- _Provided records_:
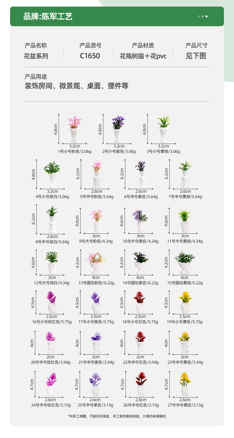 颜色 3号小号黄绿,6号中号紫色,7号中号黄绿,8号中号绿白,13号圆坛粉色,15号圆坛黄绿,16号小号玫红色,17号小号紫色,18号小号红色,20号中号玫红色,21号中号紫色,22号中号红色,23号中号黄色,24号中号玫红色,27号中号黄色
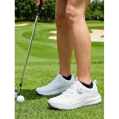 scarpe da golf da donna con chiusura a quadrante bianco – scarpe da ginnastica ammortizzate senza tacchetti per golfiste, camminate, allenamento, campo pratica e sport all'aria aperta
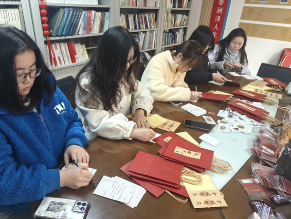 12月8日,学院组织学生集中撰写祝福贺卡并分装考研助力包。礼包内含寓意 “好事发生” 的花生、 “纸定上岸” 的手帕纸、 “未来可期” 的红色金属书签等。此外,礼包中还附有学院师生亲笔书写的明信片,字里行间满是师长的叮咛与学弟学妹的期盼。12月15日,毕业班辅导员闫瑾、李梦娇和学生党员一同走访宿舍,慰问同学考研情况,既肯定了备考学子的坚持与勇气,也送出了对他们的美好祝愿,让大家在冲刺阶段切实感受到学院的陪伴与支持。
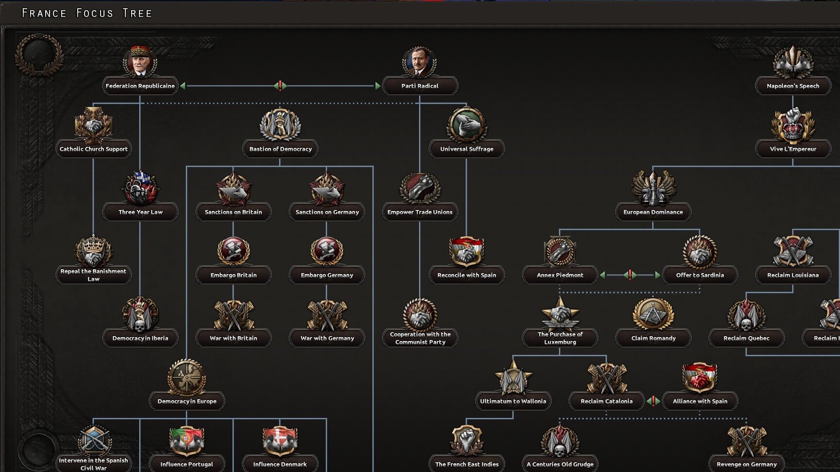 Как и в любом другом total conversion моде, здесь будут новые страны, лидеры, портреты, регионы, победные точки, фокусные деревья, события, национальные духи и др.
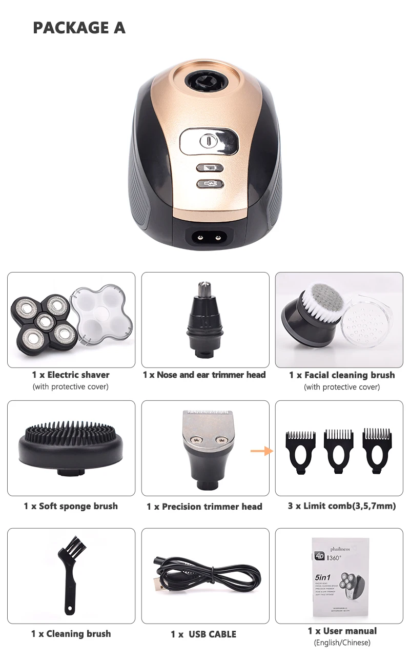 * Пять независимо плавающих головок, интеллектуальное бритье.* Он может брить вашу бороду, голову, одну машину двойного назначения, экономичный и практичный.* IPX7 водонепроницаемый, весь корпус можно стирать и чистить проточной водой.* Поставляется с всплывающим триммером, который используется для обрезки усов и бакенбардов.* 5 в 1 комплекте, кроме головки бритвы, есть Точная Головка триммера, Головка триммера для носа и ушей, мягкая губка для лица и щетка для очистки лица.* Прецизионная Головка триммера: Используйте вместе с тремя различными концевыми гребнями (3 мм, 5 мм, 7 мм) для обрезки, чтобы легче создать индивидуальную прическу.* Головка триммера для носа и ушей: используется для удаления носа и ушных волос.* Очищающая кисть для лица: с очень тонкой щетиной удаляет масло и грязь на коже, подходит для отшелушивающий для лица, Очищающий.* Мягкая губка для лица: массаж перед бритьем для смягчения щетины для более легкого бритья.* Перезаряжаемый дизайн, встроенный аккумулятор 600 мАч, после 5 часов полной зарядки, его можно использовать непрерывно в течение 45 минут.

--

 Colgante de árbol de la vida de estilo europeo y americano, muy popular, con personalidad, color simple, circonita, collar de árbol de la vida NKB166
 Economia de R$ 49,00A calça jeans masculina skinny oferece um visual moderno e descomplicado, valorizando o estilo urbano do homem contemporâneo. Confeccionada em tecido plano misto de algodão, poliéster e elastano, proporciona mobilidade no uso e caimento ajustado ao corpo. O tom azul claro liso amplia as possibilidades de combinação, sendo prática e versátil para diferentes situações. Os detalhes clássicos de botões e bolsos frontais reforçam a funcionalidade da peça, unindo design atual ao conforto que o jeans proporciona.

- _Exercise instructions_:
Go through the records above and copy every line with the word "estilo".

- _Reply_:
 Colgante de árbol de la vida de estilo europeo y americano, muy popular, con personalidad, color simple, circonita, collar de árbol de la vida NKB166
 Economia de R$ 49,00A calça jeans masculina skinny oferece um visual moderno e descomplicado, valorizando o estilo urbano do homem contemporâneo. Confeccionada em tecido plano misto de algodão, poliéster e elastano, proporciona mobilidade no uso e caimento ajustado ao corpo. O tom azul claro liso amplia as possibilidades de combinação, sendo prática e versátil para diferentes situações. Os detalhes clássicos de botões e bolsos frontais reforçam a funcionalidade da peça, unindo design atual ao conforto que o jeans proporciona.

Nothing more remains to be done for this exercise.